Source material

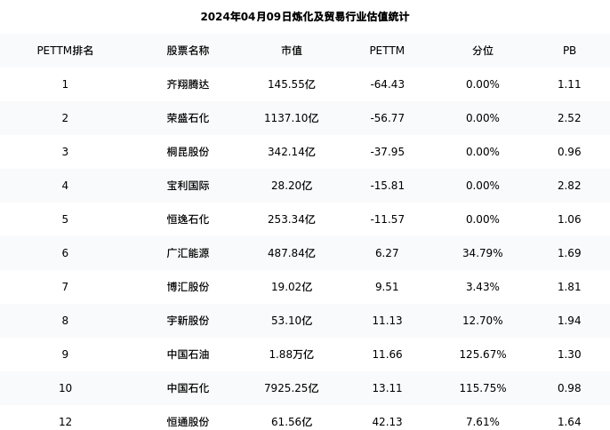 恒通股份最新报告期数据为三季度,下表汇总了炼化及贸易行业内市值靠前的公司三季度主要经营数据
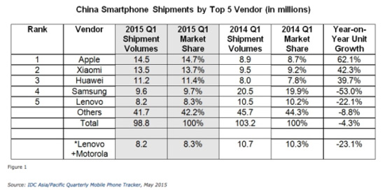 Как мы уже писали ранее, в начале года Apple стала основным поставщиком на китайском рынке - на её долю пришлось 14,7% новых устройств или 14,5 миллионов смартфонов. По сравнению с предыдущим годом рост поставок составил 62%. По этому показателю Apple обогнала даже Xiaomi, которой по итогам отчётного периода принадлежит 13,7% рынка.
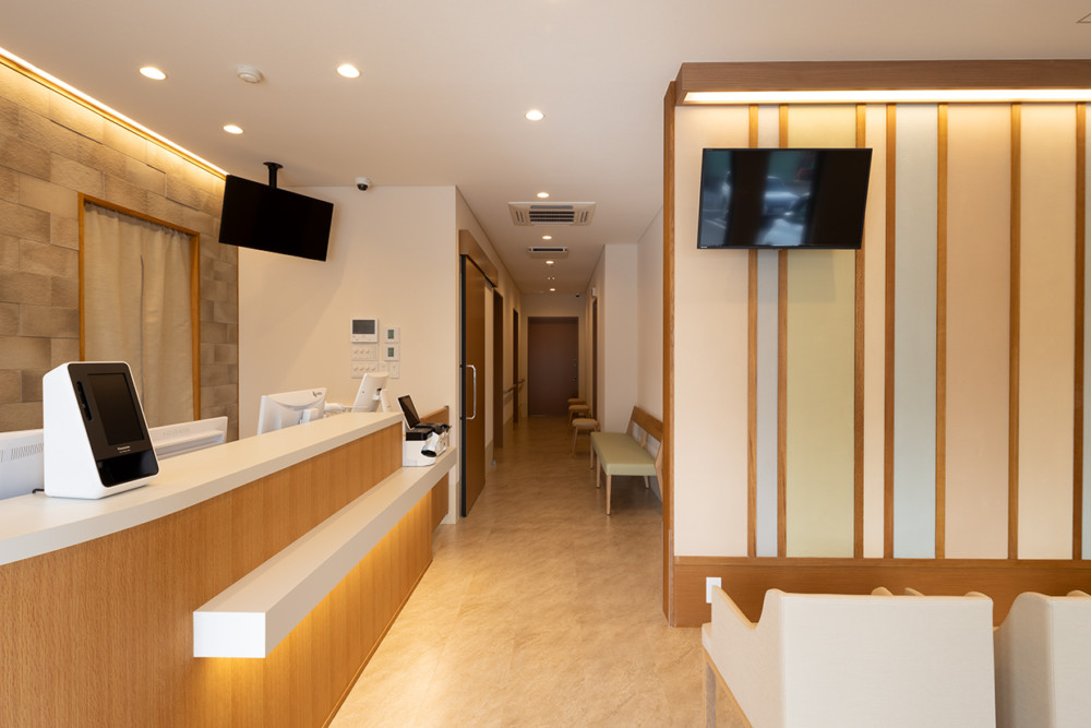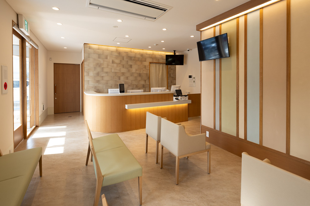 消化器の診察を得意とする内科のクリニックです。敷地は和歌山市の東部の田園地域に位置し地域住民の方の健康管理に重点をおいた施設となっています。外観は田園地域の中で違和感なく存在するとともに医療施設としての存在感を示すようなデザインとしています。内部空間は医療施設にありがちな冷たい印象を避けるために左官仕上げ、土物タイル、木材を使用しあたたかな空間とすることを意図しています。医療機器は最新の機器を設置して地域医療の充実を図るように考えています。

What to do
Copy the entire listing exactly but skip the pictures.

Answer below
 恒通股份最新报告期数据为三季度,下表汇总了炼化及贸易行业内市值靠前的公司三季度主要经营数据
 Как мы уже писали ранее, в начале года Apple стала основным поставщиком на китайском рынке - на её долю пришлось 14,7% новых устройств или 14,5 миллионов смартфонов. По сравнению с предыдущим годом рост поставок составил 62%. По этому показателю Apple обогнала даже Xiaomi, которой по итогам отчётного периода принадлежит 13,7% рынка.
 消化器の診察を得意とする内科のクリニックです。敷地は和歌山市の東部の田園地域に位置し地域住民の方の健康管理に重点をおいた施設となっています。外観は田園地域の中で違和感なく存在するとともに医療施設としての存在感を示すようなデザインとしています。内部空間は医療施設にありがちな冷たい印象を避けるために左官仕上げ、土物タイル、木材を使用しあたたかな空間とすることを意図しています。医療機器は最新の機器を設置して地域医療の充実を図るように考えています。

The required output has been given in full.